> _What is needed_: With the images removed, write out every line below exactly.

> _Data block_:
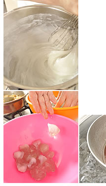 全ての材料を混ぜ合わせ、一度沸騰させた後、凍らせる。 ※アイスクリームのようにやわらかくするには、冷やす途中で1度泡立てる。氷のようにするには、アイスキューブにそのまま流し込む。
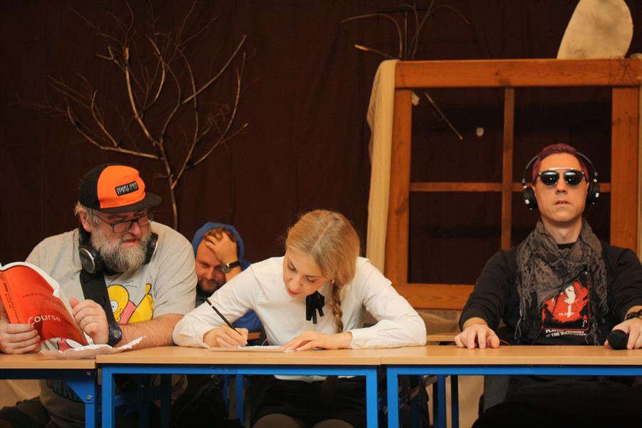 Pan Marek zagrał siebie – głosem. Pan Noj-nauczyciel strofował Roberta-ucznia. Pani Nowak-psycholog zaprosiła na terapeutyczną sesję uczennicę Justynkę. Pan Ratajczak [głos] brawurowo poprowadził lekcję wuefu dla uczennic: pań Dominy, Świgoń, Kluczykowskiej i pana Chwalińskiego. Pani Wójcik wysłuchała recytacji w wykonaniu uczennicy-Ani. Pan Proniewski uczył uczniów [też Janusza] zakładania konta na „facebooku”. Pani Ayeb interpretowała wiersz, w czym najskuteczniej pomagała jej uczennica Renata. Ksiądz Michalak miał problem ze zbuntowanym uczniem Piotrem. A na ostatniej lekcji muzyki pan Nowak poprowadził brawurowe wykonanie kolędy. Bo to przecież jasełka… Nie do końca zrozumieliście? Trzeba było być i się cieszyć, i rozumieć…
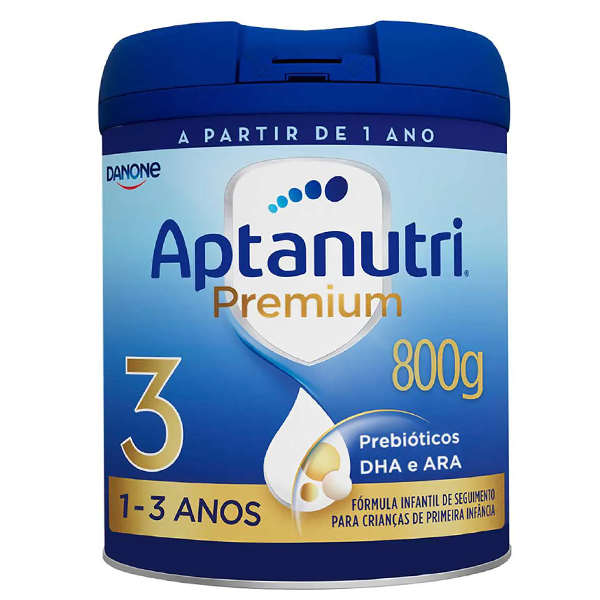 Fórmula Infantil Aptanutri Premium 3 Danone 1 a 3 anos 800gA Fórmula Infantil Aptanutri Premium 3 foi criada para a alimentação de lactentes e crianças de primeira infância. Sua composição contém prebióticos (GOS/FOS), DHA e ARA, indispensáveis para o desenvolvimento das crianças.R$ 70,99

> _Exercise output_:
 全ての材料を混ぜ合わせ、一度沸騰させた後、凍らせる。 ※アイスクリームのようにやわらかくするには、冷やす途中で1度泡立てる。氷のようにするには、アイスキューブにそのまま流し込む。
 Pan Marek zagrał siebie – głosem. Pan Noj-nauczyciel strofował Roberta-ucznia. Pani Nowak-psycholog zaprosiła na terapeutyczną sesję uczennicę Justynkę. Pan Ratajczak [głos] brawurowo poprowadził lekcję wuefu dla uczennic: pań Dominy, Świgoń, Kluczykowskiej i pana Chwalińskiego. Pani Wójcik wysłuchała recytacji w wykonaniu uczennicy-Ani. Pan Proniewski uczył uczniów [też Janusza] zakładania konta na „facebooku”. Pani Ayeb interpretowała wiersz, w czym najskuteczniej pomagała jej uczennica Renata. Ksiądz Michalak miał problem ze zbuntowanym uczniem Piotrem. A na ostatniej lekcji muzyki pan Nowak poprowadził brawurowe wykonanie kolędy. Bo to przecież jasełka… Nie do końca zrozumieliście? Trzeba było być i się cieszyć, i rozumieć…
 Fórmula Infantil Aptanutri Premium 3 Danone 1 a 3 anos 800gA Fórmula Infantil Aptanutri Premium 3 foi criada para a alimentação de lactentes e crianças de primeira infância. Sua composição contém prebióticos (GOS/FOS), DHA e ARA, indispensáveis para o desenvolvimento das crianças.R$ 70,99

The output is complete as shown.